__Task requirements__: Beginning with the line that has "Life Pro Carnitine" and ending with the line that has "Мозаика Art Natura", retype the entries below exactly, except for the pictures.

__Exercise input__:

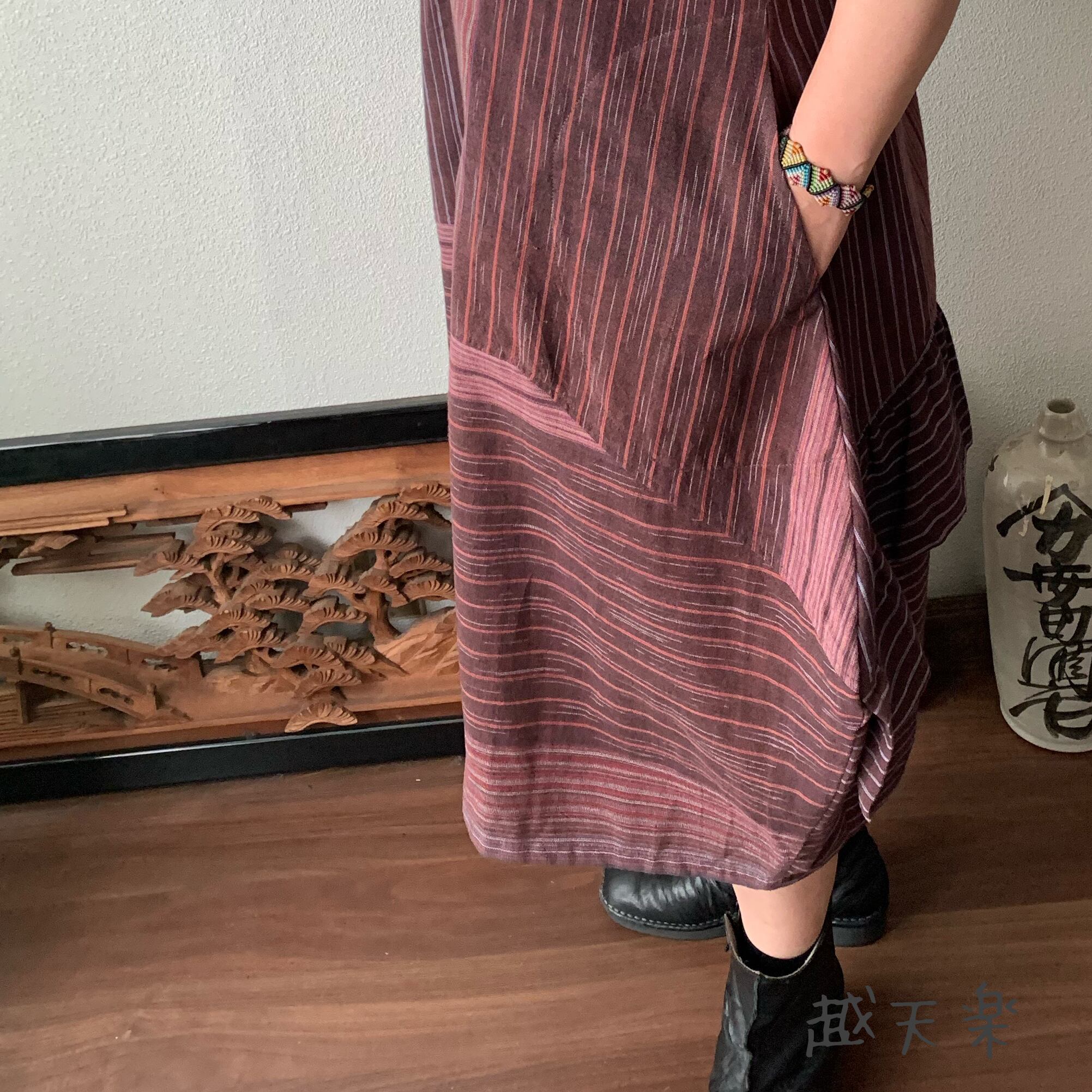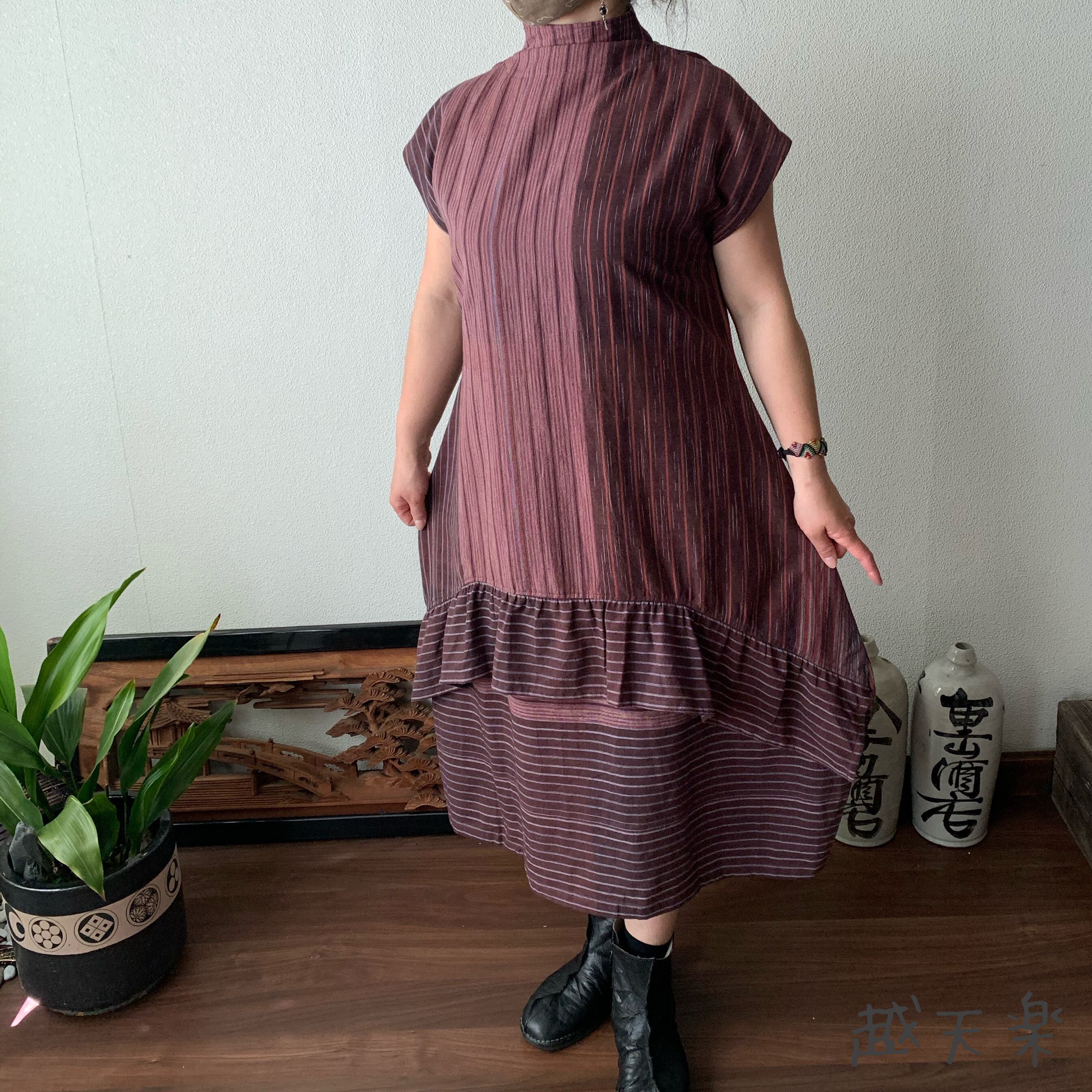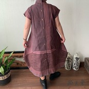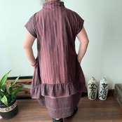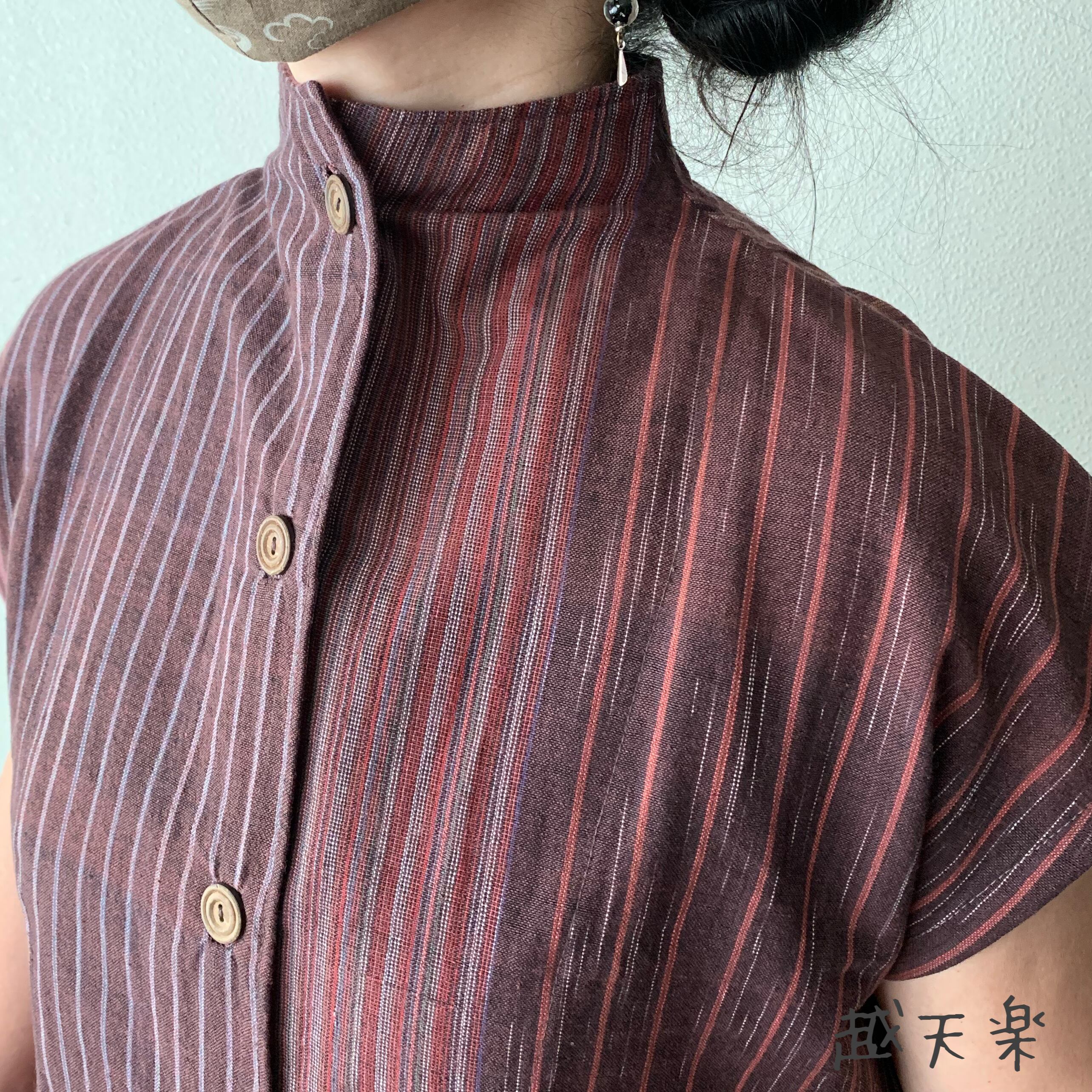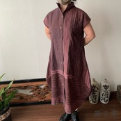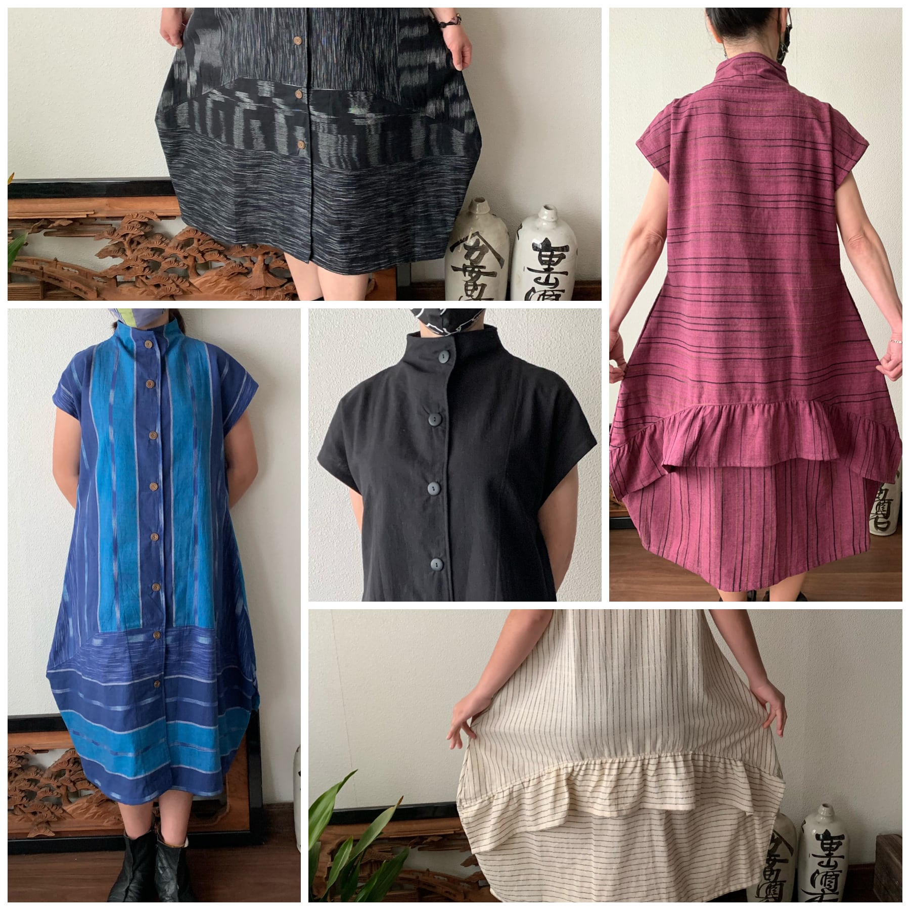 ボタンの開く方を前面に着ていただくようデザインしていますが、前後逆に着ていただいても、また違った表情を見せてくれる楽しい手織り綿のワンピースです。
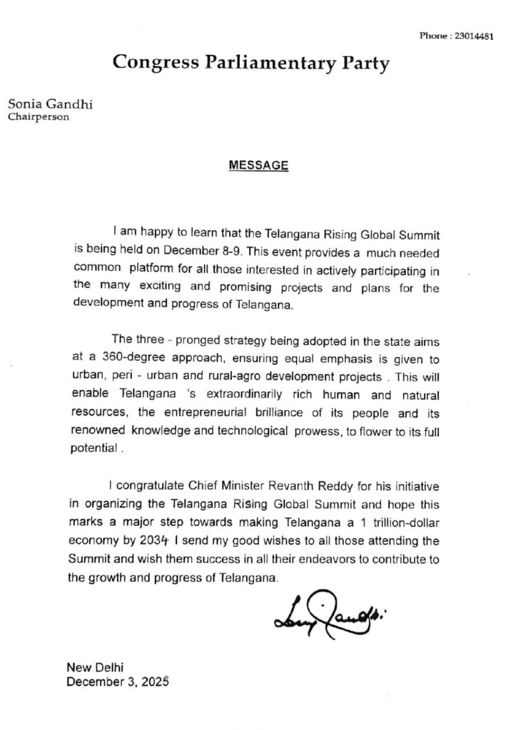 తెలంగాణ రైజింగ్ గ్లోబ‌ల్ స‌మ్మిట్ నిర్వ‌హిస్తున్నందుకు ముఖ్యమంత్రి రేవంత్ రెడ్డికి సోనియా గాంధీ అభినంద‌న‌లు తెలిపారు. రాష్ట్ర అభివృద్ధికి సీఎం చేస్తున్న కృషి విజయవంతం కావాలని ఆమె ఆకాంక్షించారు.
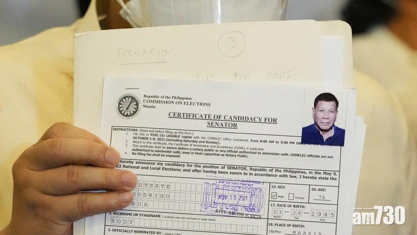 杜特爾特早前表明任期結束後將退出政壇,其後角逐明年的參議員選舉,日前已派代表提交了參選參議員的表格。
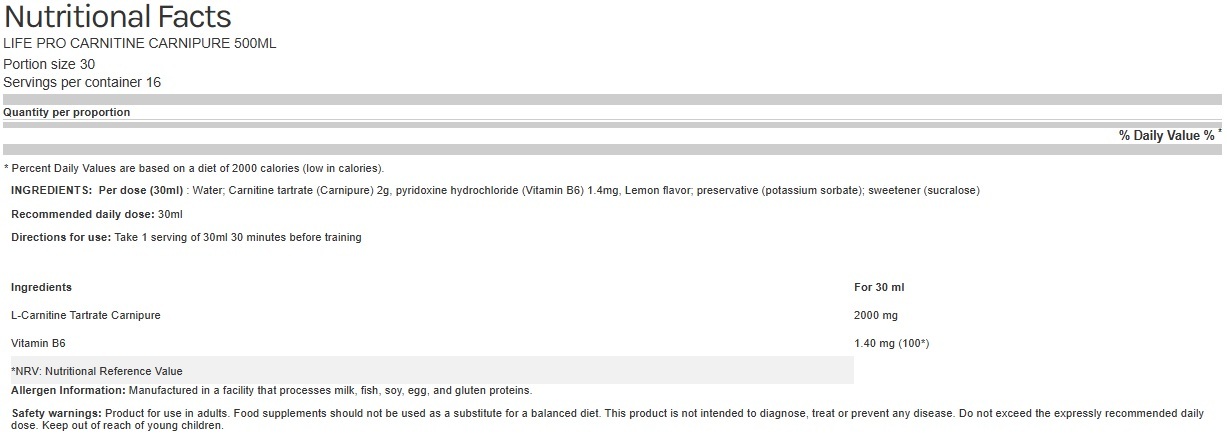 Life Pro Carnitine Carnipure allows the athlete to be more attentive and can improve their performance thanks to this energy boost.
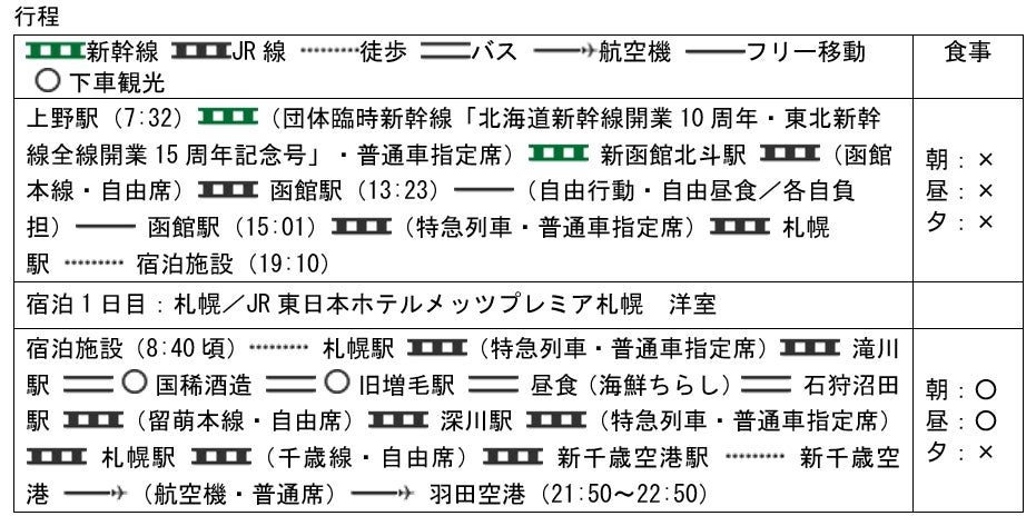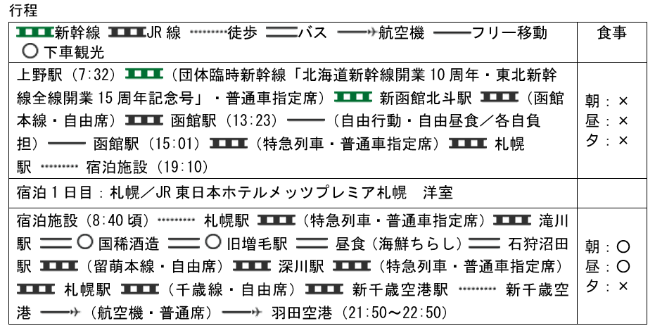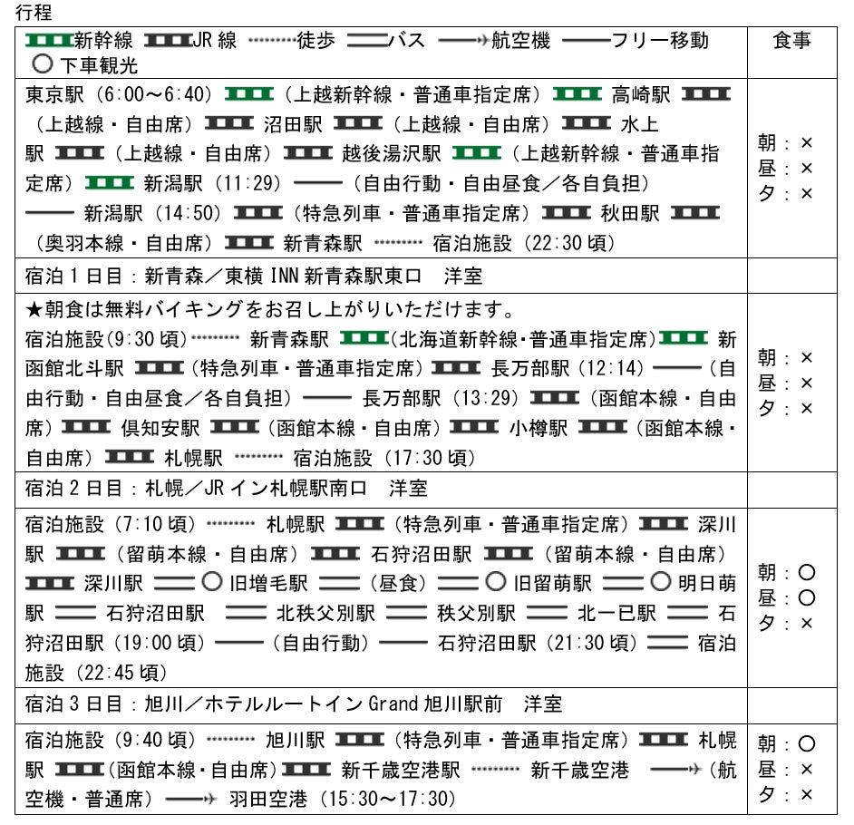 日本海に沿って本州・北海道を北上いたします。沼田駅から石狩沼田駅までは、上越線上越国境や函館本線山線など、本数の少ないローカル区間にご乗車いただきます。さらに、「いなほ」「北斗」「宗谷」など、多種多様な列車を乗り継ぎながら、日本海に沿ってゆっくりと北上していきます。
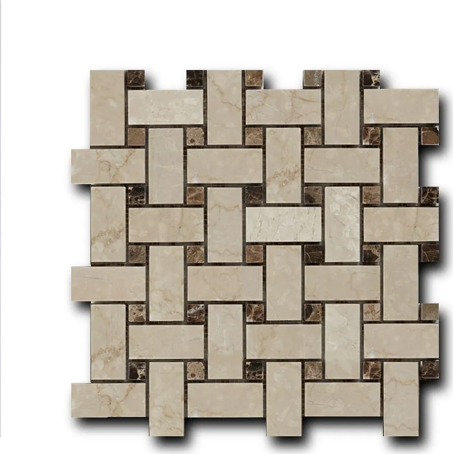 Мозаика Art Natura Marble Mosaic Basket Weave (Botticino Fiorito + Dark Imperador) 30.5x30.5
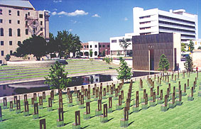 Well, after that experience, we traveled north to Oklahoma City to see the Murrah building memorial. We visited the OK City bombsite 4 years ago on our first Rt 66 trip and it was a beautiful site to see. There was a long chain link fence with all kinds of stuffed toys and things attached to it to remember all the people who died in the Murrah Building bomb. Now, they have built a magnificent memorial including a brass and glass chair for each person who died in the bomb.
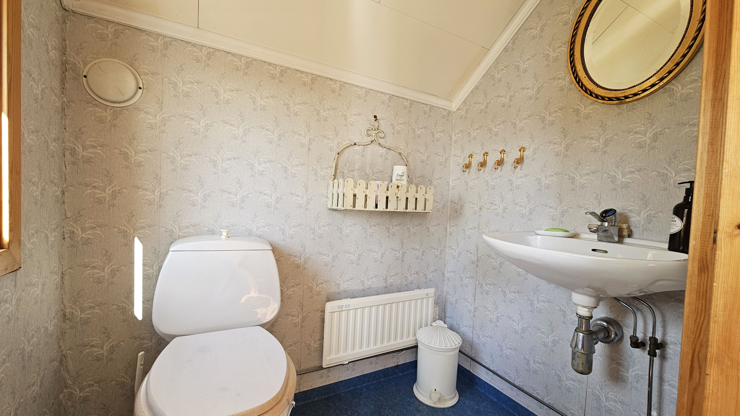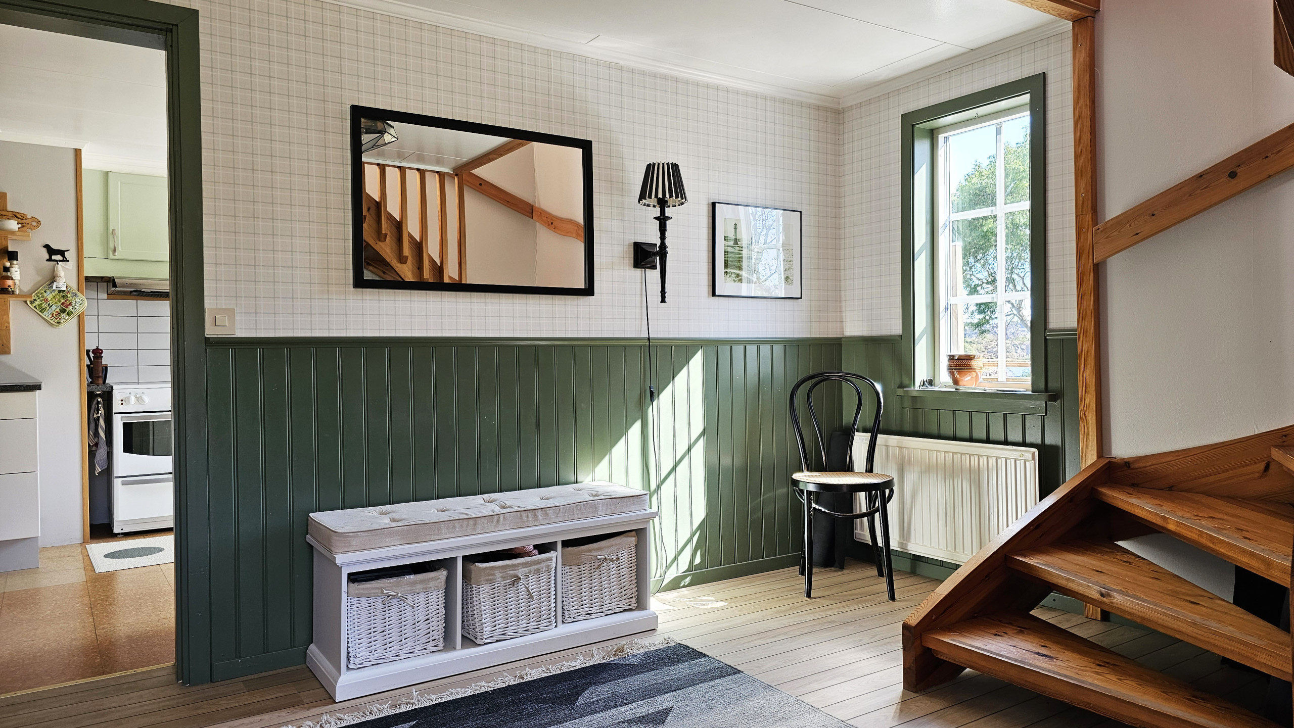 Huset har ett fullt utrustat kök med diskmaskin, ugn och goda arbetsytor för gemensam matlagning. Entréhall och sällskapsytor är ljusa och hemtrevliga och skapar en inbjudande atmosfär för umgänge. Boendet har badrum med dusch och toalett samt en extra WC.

__Answer for the task__:
 Life Pro Carnitine Carnipure allows the athlete to be more attentive and can improve their performance thanks to this energy boost.
 日本海に沿って本州・北海道を北上いたします。沼田駅から石狩沼田駅までは、上越線上越国境や函館本線山線など、本数の少ないローカル区間にご乗車いただきます。さらに、「いなほ」「北斗」「宗谷」など、多種多様な列車を乗り継ぎながら、日本海に沿ってゆっくりと北上していきます。
 Мозаика Art Natura Marble Mosaic Basket Weave (Botticino Fiorito + Dark Imperador) 30.5x30.5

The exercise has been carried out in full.